The funding will primarily be used to accelerate the ongoing clinical trials of TTX-381, Tern's lead candidate, and to advance the company's broader pipeline. This investment was led by ATW Partners and biotech investor Steve Oliveira, head of Nemean Asset Management.
"We're driven to deliver transformative treatments to patients living with rare diseases and are excited to continue the work we started at Regenxbio," Alex M. Bailey, PhD, Chief Executive Officer of Tern Therapeutics, said in a company news release. "No one knows these programs better than the team we’ve assembled at Tern, and we deeply appreciate the confidence and trust that Regenxbio and the patient community have placed in us to lead the next phase of development of these promising investigational therapies."
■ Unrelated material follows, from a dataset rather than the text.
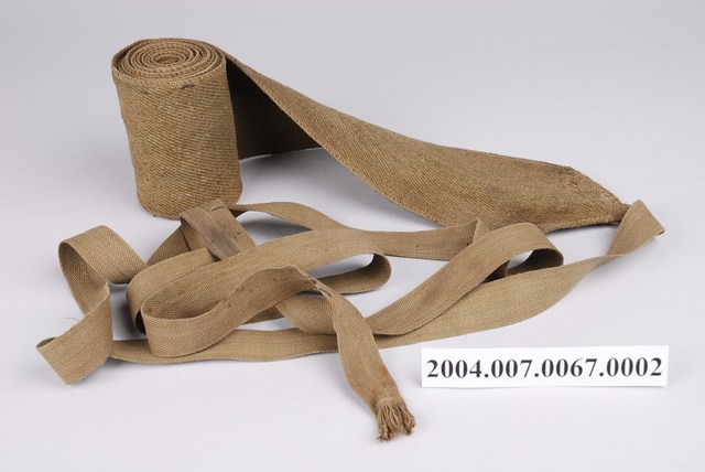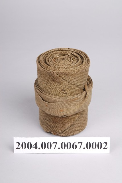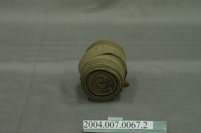 此一綁腿是以草綠色麻布料製成,寬度約9.1公分,兩邊以鎖邊機(拷克機)鎖邊處理,目的是防止布料毛邊,綁腿的末端以縫紉機車縫成三角形,最尾端再連接棉繩做為綁帶,棉繩接縫處車縫呈方形與十字交叉以增加堅牢度。草綠色是軍服的顏色,但在1930年代適逢第二次世界大戰開始,日本政府為了顧及學生安全,規定制服布料顏色改為「國防色」(草綠色)。中等學校男學生上軍訓課時,腳上還必須要打綁腿,職業學校學生也一樣。所以綁腿有可能是軍用的物品,也有可能是中學男生軍訓課的制服物件。

Dr. Bailey, who was previously Head of Early Program and Portfolio Development at Regenxbio, co-founded Tern alongside Christina Ohnsman, MD, the company's Chief Medical Officer, and Matthew Rosini, Chief Financial and Administrative Officer. Dr. Ohnsman, a former Executive Director of Clinical Development at Regenxbio, brings expertise from her tenure on the faculty at Wills Eye Hospital in Philadelphia, as well as her strategic consulting work with ophthalmic biopharma and gene therapy companies.
"We founded Tern Therapeutics out of a deep personal commitment to serving patients with high unmet needs," said Dr. Ohnsman. "Children with CLN2 and their families have long been waiting for treatment with gene therapy. This financing will allow us to advance our lead candidate, TTX-381, through the clinic as rapidly as possible."
The newly licensed TTX-381 and TTX-181 therapies are both designed to deliver a working copy of the TPP1 gene, which is deficient in individuals with CLN2 disease. TTX-381 focuses on treating vision loss by delivering the gene directly to the retina, while TTX-181 aims to address neurological degeneration by targeting the CNS. Both therapies have shown promise in early clinical trials.
The first-in-human, open-label, dose-escalation phase 1/2 clinical trial for TTX-381 is currently underway at Great Ormond Street Hospital in London. TTX-181 has also seen early clinical use, with a single-patient, investigator-initiated study conducted at the Hospital de Clínicas in Porto Alegre, Brazil.